> _Exercise objective_:
Every line of the listing must be reproduced as it stands. Leave the images behind.

--- Data below Enclosed Below ---

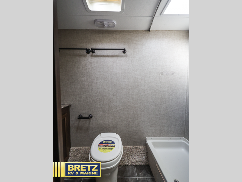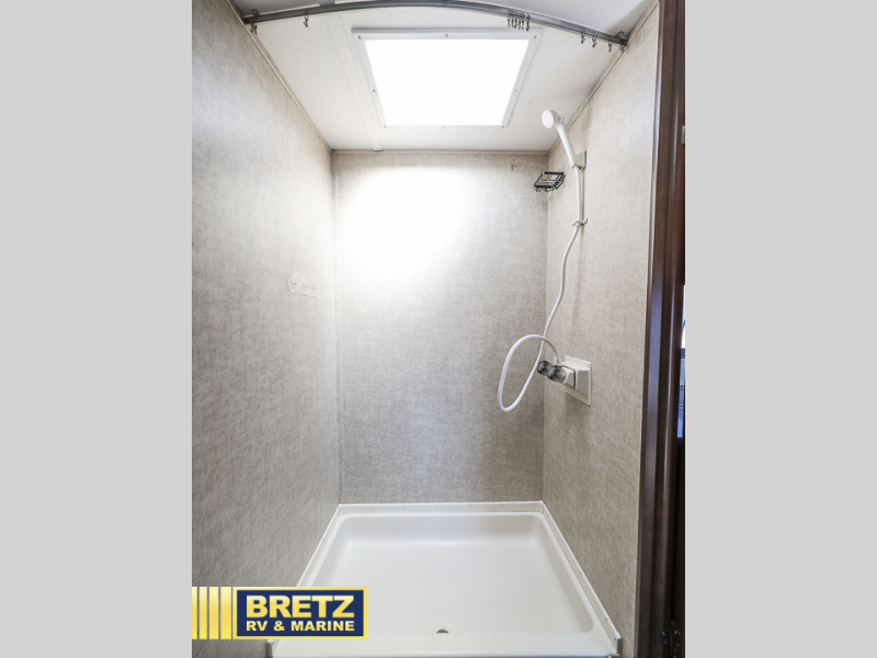 Enjoy the space you find inside this unit with a queen bed including dual closets, plus a large overhead cabinet as well. Beneath the front bed there is a spacious pass-through storage compartment for all of your outdoor camping gear as well.
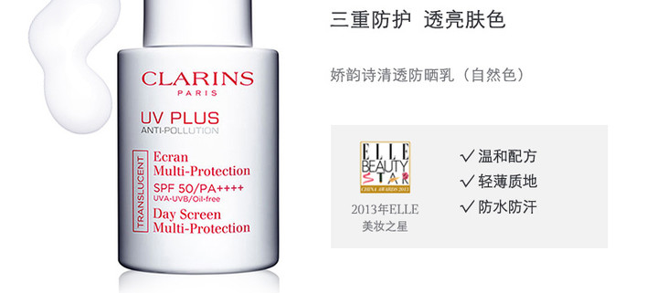 【春日福利】CLARINS 娇韵诗清透防晒乳SPF50 透明色 UV Plus
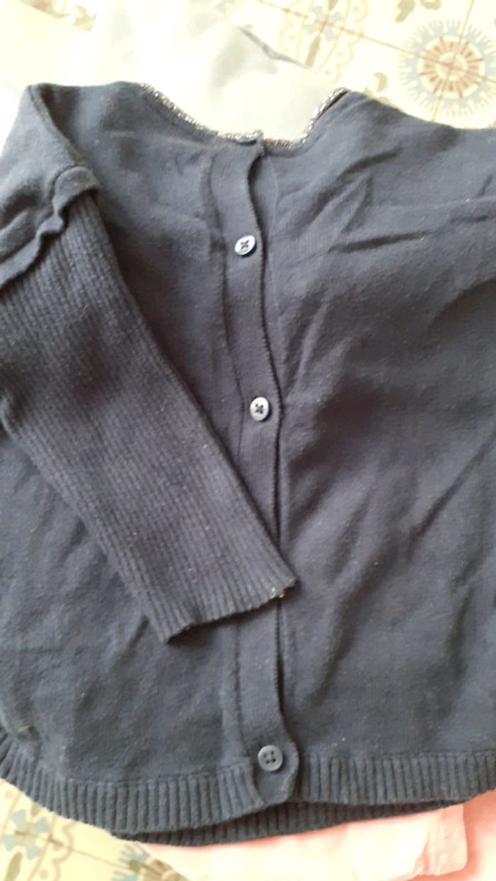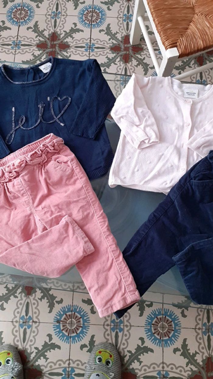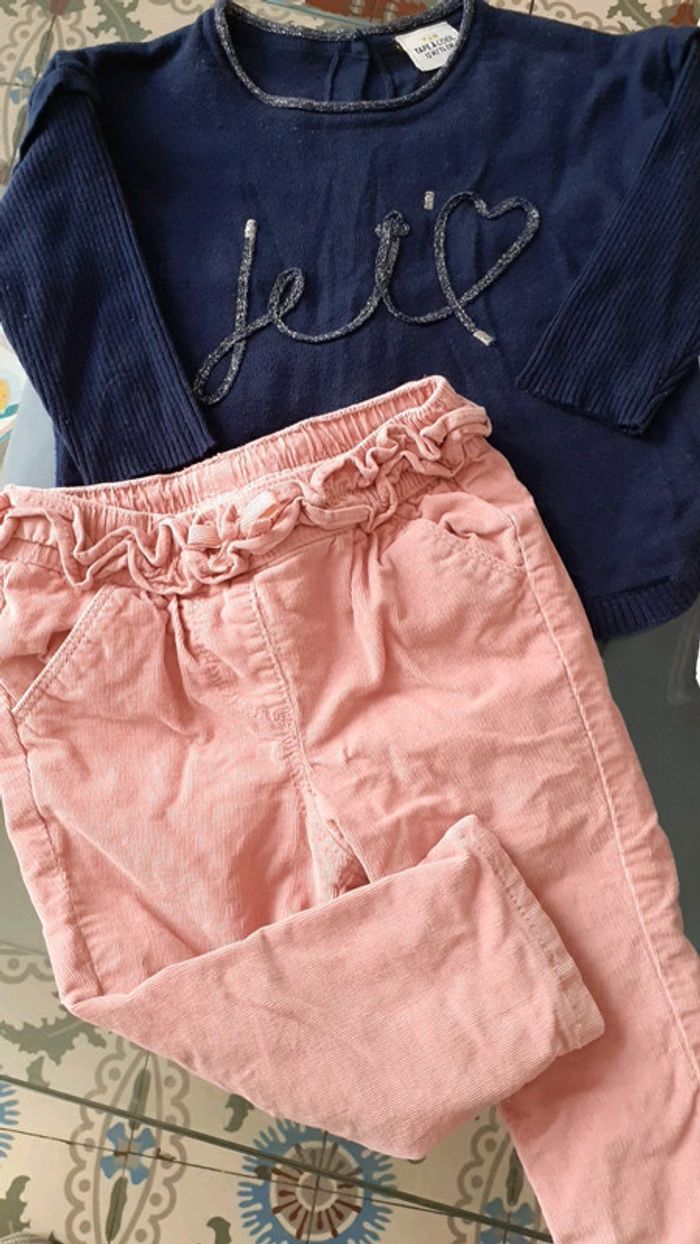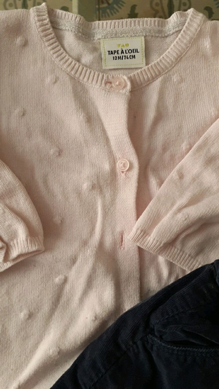 2 pantalons en velours rose et bleu marine 1 pull bleu marine avec bouton dans le dos et 1 gilet rose pâle #vachenou12mois

--- End of Enclosed Data below ---

> _Completed exercise_:
 Enjoy the space you find inside this unit with a queen bed including dual closets, plus a large overhead cabinet as well. Beneath the front bed there is a spacious pass-through storage compartment for all of your outdoor camping gear as well.
 【春日福利】CLARINS 娇韵诗清透防晒乳SPF50 透明色 UV Plus
 2 pantalons en velours rose et bleu marine 1 pull bleu marine avec bouton dans le dos et 1 gilet rose pâle #vachenou12mois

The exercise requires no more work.